Browsing my computer I realized that I neglected to post these pics. from Japanese Fashion Week which I attended during NYFW. The the one thing I love about  Japanese fashion, designers create without inhibition. They are not limited by trends or even consumers, although I think Japanese society are also more open to trying new things which is a plus.

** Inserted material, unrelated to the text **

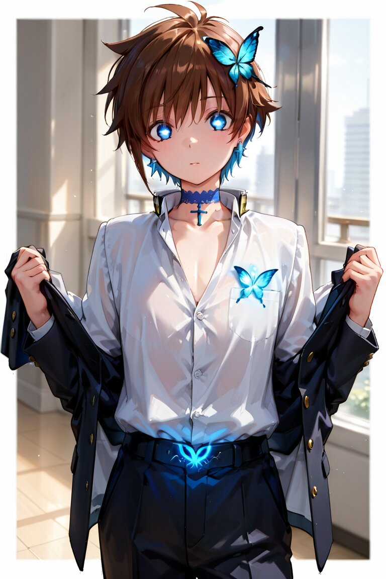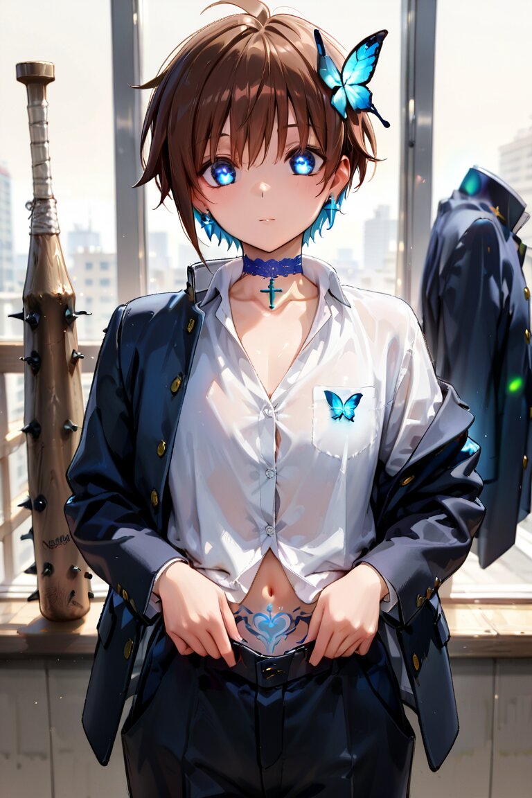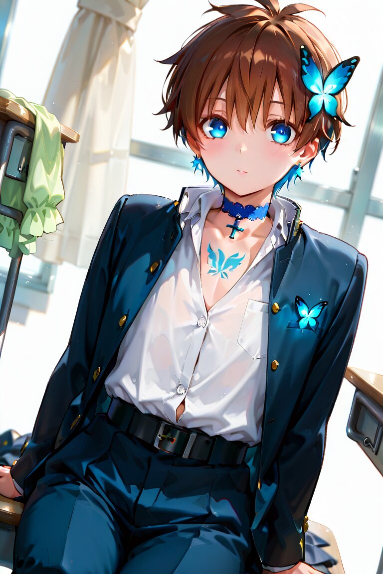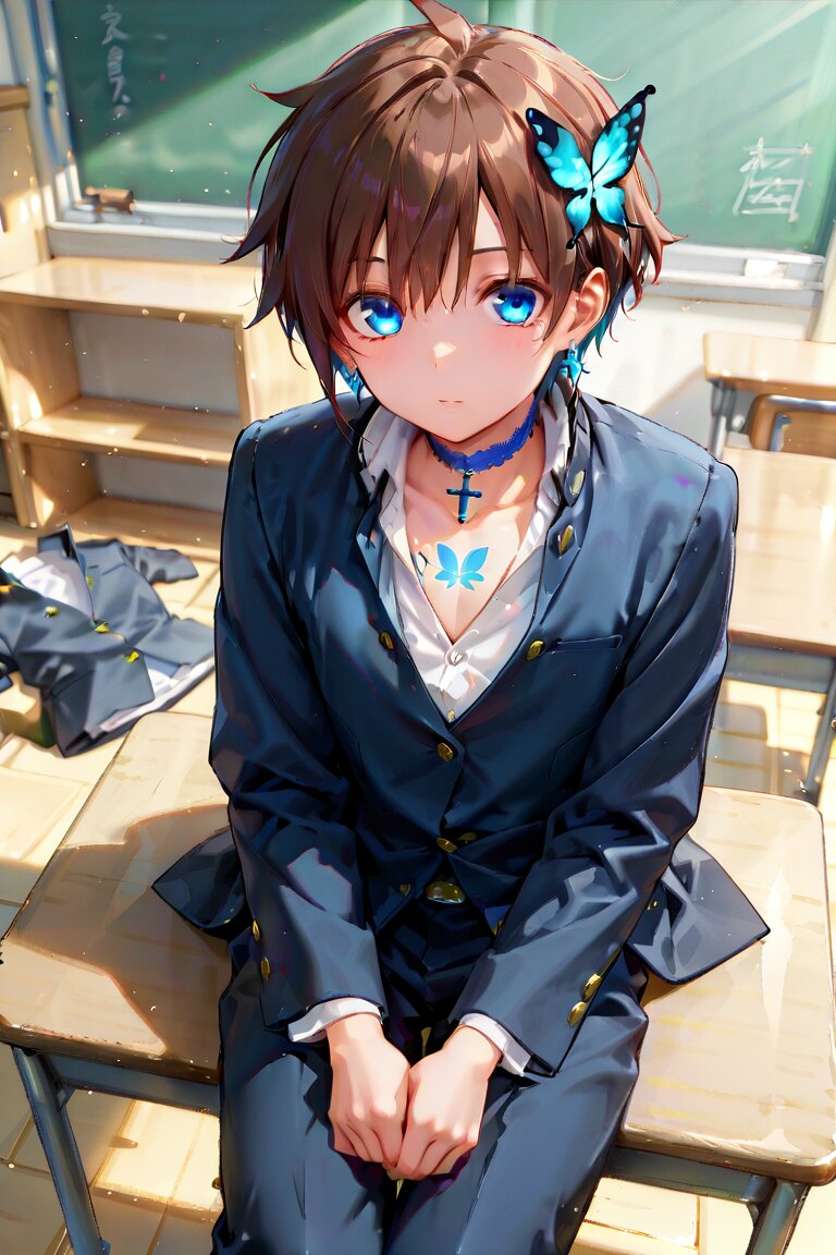 Masterpiece, Top Quality, Sketch, Androgynous Beauty (Cute angle, Cute and childish) (Boys: 0.5) Young big eyes, (rito_yuuki, Yuuki Rito, Brown hair, Brown eyes, Spiky hair: 0.7), (Shiny black hair, Nakano Ichika hairstyle: 0.3), (Blue jewel eyes: 0.5) Very short hair, (Blue butterfly hair accessory), (Blue shiny cross earrings, Blue inner hair) (Cross lace choker: 1.2), , Blue pattern on chest, Shiny chest, Blake, (Jet black gakuran, uniform), Boys uniform, (Thick black gakuran jacket, (Closed jacket: 0.6)), (White button-up shirt, (Closed white collared shirt)) Blake, (Blue glowing pubic hair tattoo shining through gakuran pants (Inscribed on the lower half of the gakuran pants), (Chest tattoo: 0.5), bat mark, glowing desire mark) Blake (unworn clothes, a green long dress for a woman in her hands) and an unused long-skirted dress shyly held in both hands: 1.4) ,Sit at a desk in the classroom

The show was held in a sprawling loft in Soho, I can remember the place was packed to capacity. 8 designers showcased their collections, rotating the standing models in groups of  3 with new looks periodically. Although I was not a fan of every collection there were a few that stood out. I enjoyed Mikio Sakabe’s interpretation of the popular turban trend, mounds of roped fabric & chains. There was an obvious influence of heavy metal throughout the unisex line, oversized ripped band sweaters. Naoshi Sawayanagi’s line was all about texture. Two toned beige & white tights were paired with short dresses/tops  made from fur and a really interesting metallic bubble texture that looked futuristic. Apt form a menswear line by Michael Gikins was a favorite as well. Interestingly this is Gikins first entry into the american market and womenswear boutique Blake based in chicago will sell his collection to their female clientele. Gaskins says that his line is unisex, a concept that I believe is becoming more and more popular in fashion. Overall the Japanese designers delivered cutting-edge fashion that was wearable & functional.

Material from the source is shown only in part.